The response to a subsequent request might look like the following (note the new counts timeline and different “next” value):

{
  "results": [
    { "timePeriod": "201102010000", "count": 45 },
    { "timePeriod": "201102020000", "count": 76 },
     ....
    { "timePeriod": "201103030000", "count": 13 }
 ],
 "totalCount":3288, 
 "next":"WE79fnakFanyMDMyODMwMjU1MTA0",
 "requestParameters":
    {
      "bucket":"day",
      "fromDate":"201101010000",
      "toDate":"201201010000"
    }
}

You can continue to pass in the “next” element from your previous query until you have received all counts from the query time period. When you receive a response that does not include a “next” element, it means that you have reached the last page and no additional counts are available in your time range.


HTTP Response Codes 

Status Text Description
200 OK The request was successful. The JSON response will be similar to the following:
400 Bad Request Generally, this response occurs due to the presence of invalid JSON in the request, or where the request failed to send any JSON payload.
401 Unauthorized HTTP authentication failed due to invalid credentials.

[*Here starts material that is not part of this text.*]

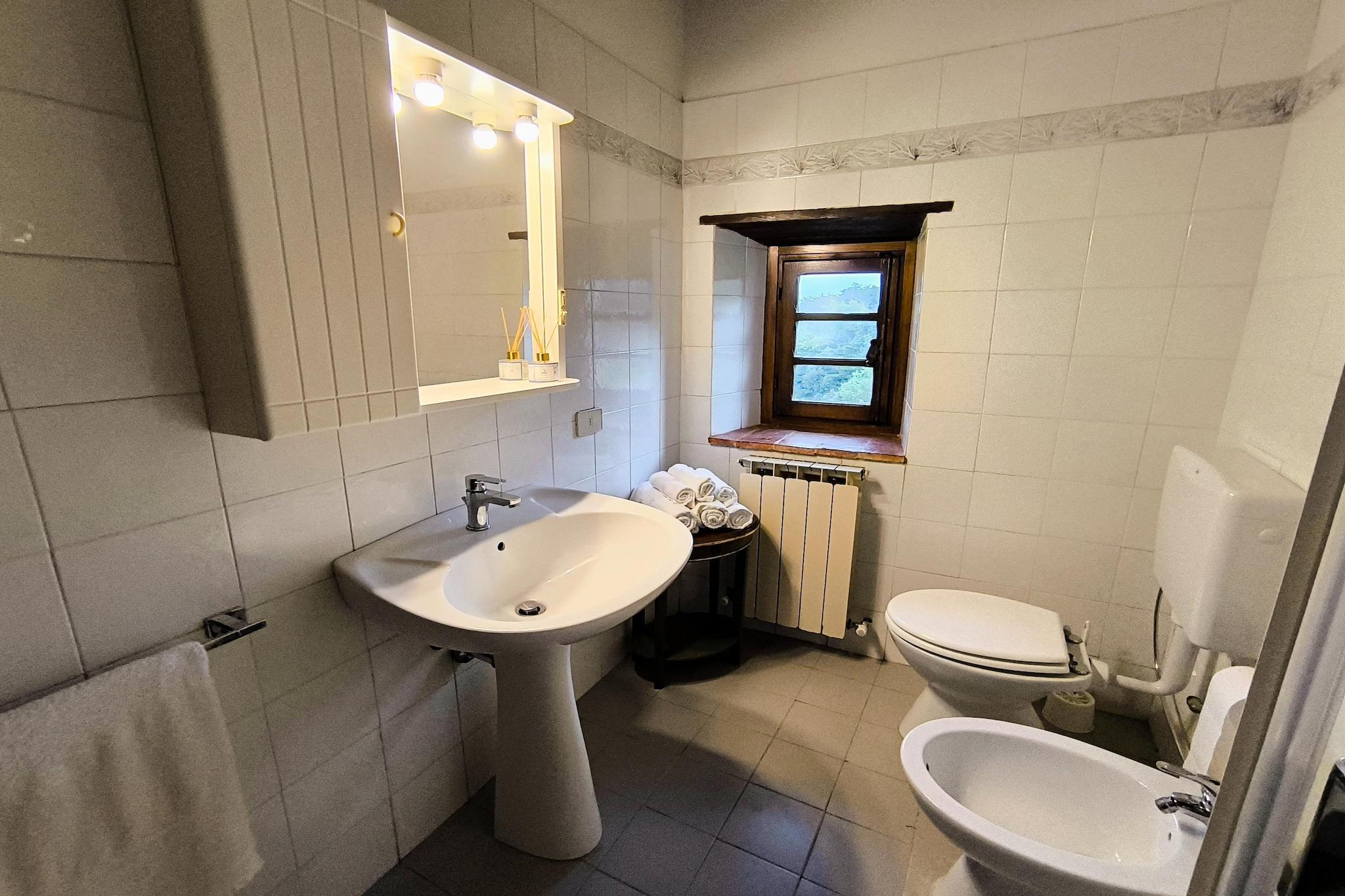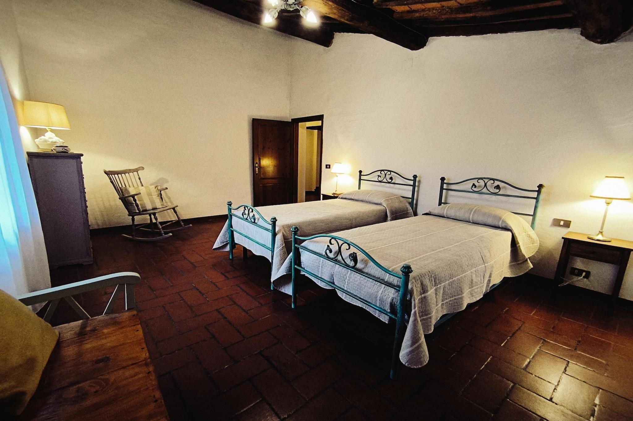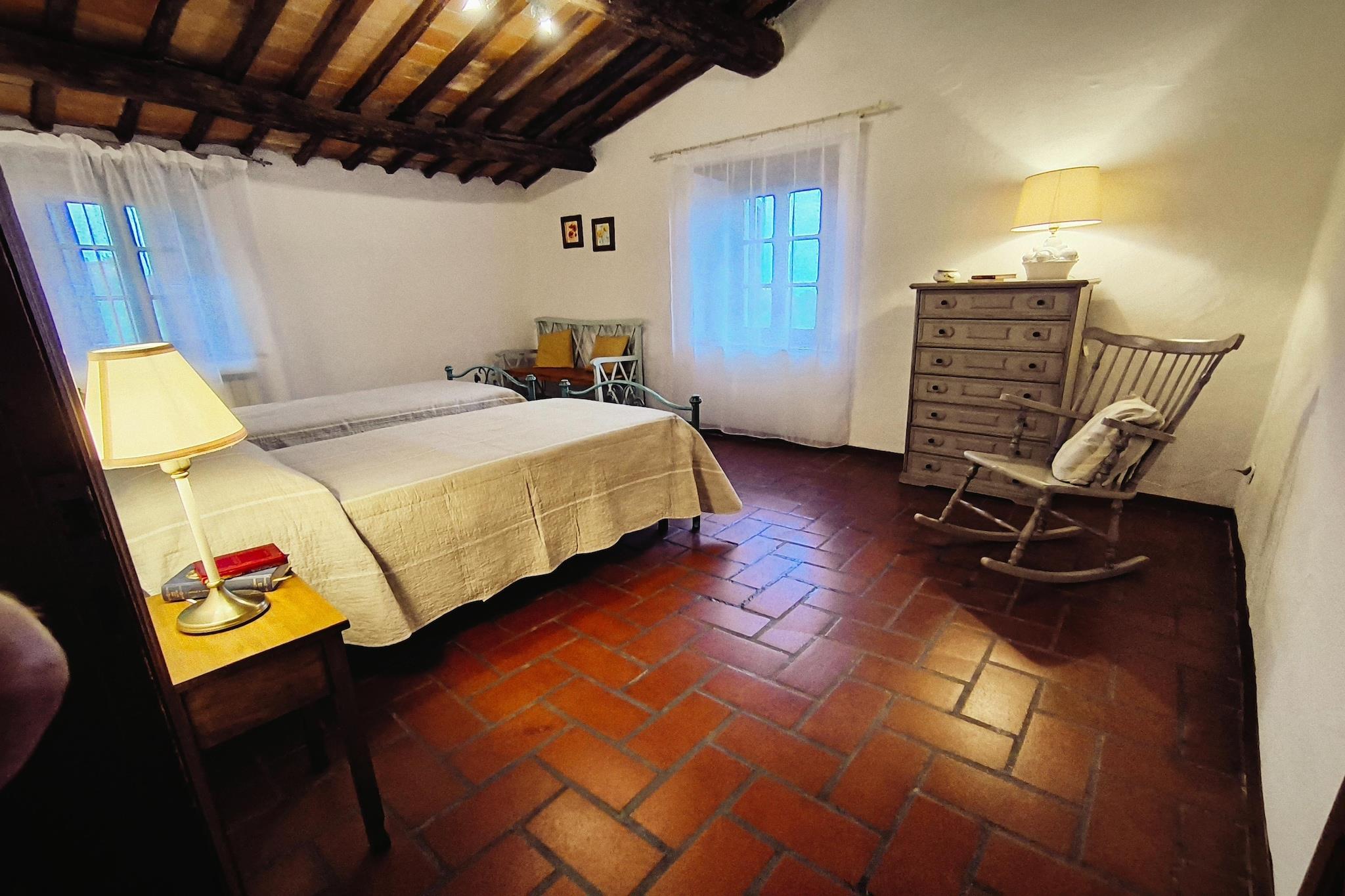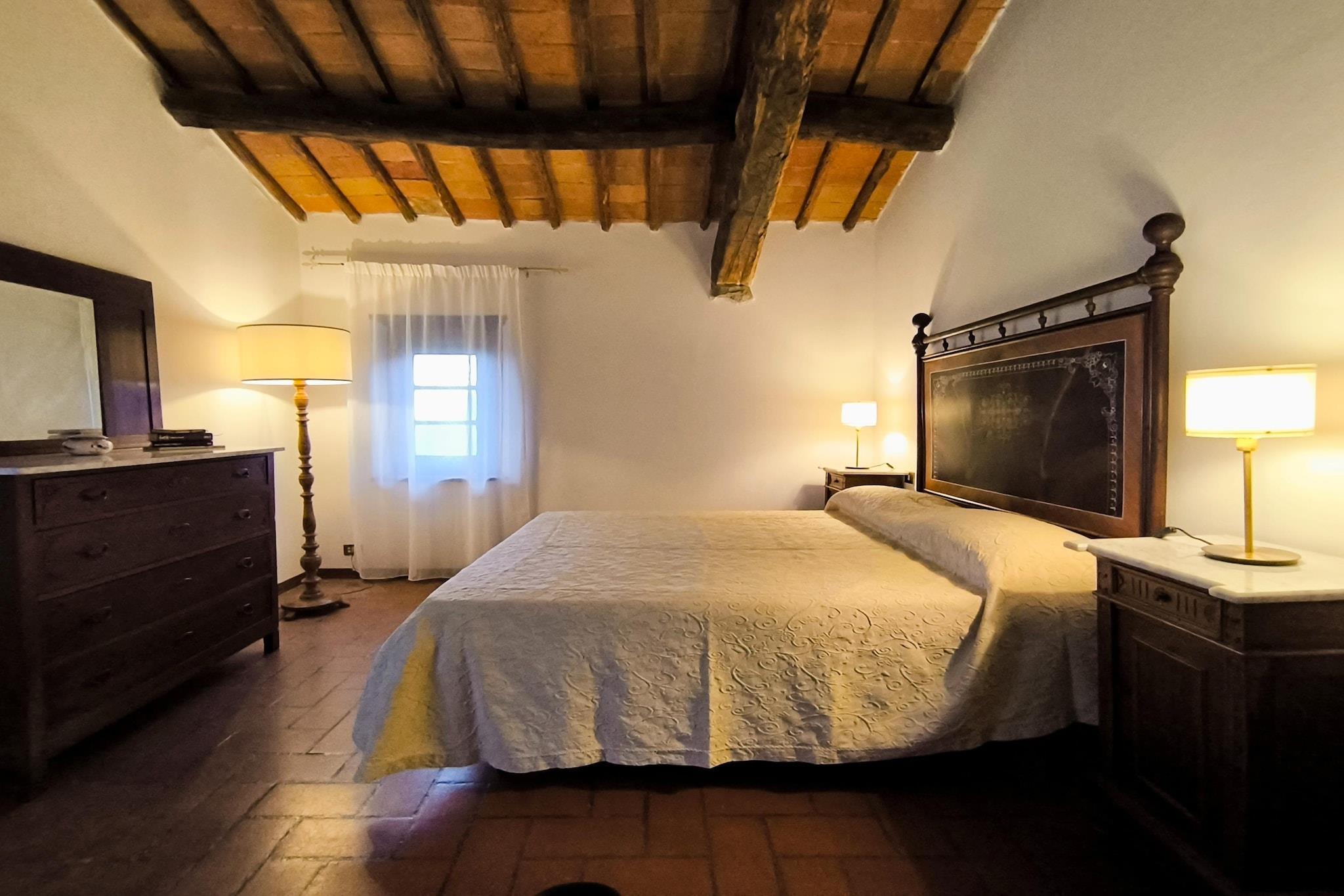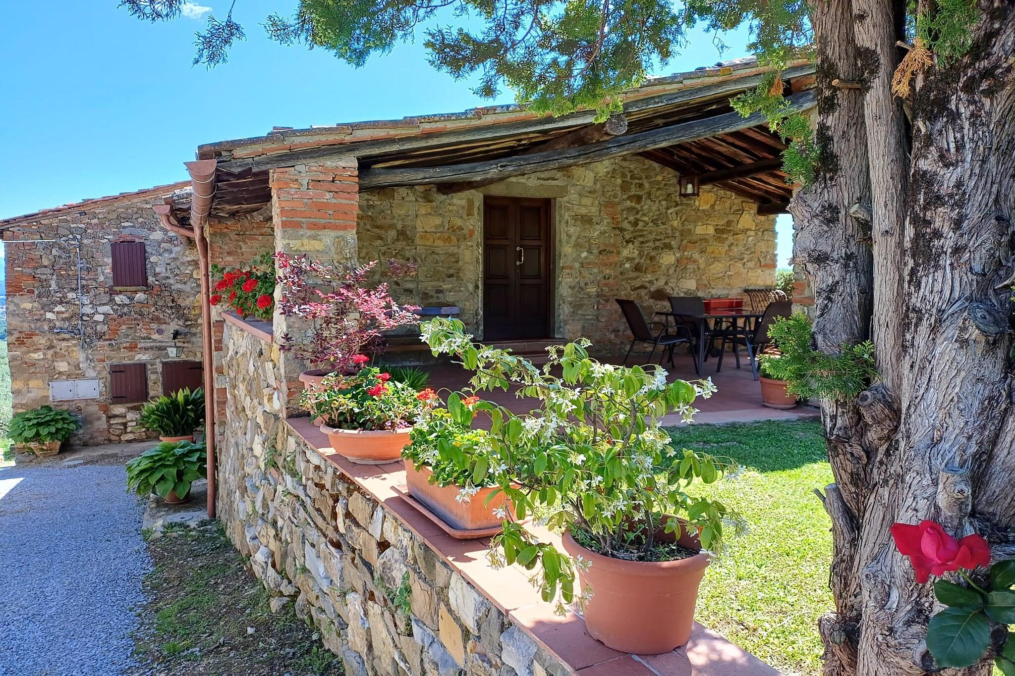 Duften af cypresser og lavendel fylder luften, og du kan slappe af i den smukke have med træer omgivet af vinmarker og olivenlunde. Dit feriehus ligger på en typisk toscansk ejendom, der producerer sin egen vin og olivenolie. Herfra kan du nyde en fantastisk udsigt over det omkringliggende område. Komplekset er baseret på et omhyggeligt restaureret bondehus fra det 11. århundrede: et ideelt sted at glemme hverdagen. Lejligheden, der er indrettet i klassisk og traditionel stil, består af en stor stue med spiseplads og separat køkken, et soveværelse med en dobbeltseng, et soveværelse med to enkeltsenge og to badeværelser med bruser, toilet og bidet. Opvarmning og aircondition er tilgængelig (mod gebyr). Byens centrum med flere restauranter og shoppingmuligheder ligger omkring fem kilometer væk. I det omkringliggende område kan du besøge Siena, Firenze og forskellige interessante toscanske byer såsom Chianti-området og Monteriggioni.

Log in to console.gnip.com with your credentials to ensure you are using them correctly with your request.
404 Not Found The resource was not found at the URL to which the request was sent, likely because an incorrect URL was used.
422 Unprocessable Entity This is returned due to invalid parameters in a query or when a query is too complex for us to process. – e.g. invalid PowerTrack rules or too many phrase operators, rendering a query too complex.
429 Unknown Code Your app has exceeded the limit on connection requests. The corresponding JSON message will look similar to the following:
500 Internal Server Error There was an error on Gnip's side. Retry your request using an exponential backoff pattern.
502 Proxy Error There was an error on Gnip's side. Retry your request using an exponential backoff pattern.
503 Service Unavailable There was an error on Gnip's side. Retry your request using an exponential backoff pattern.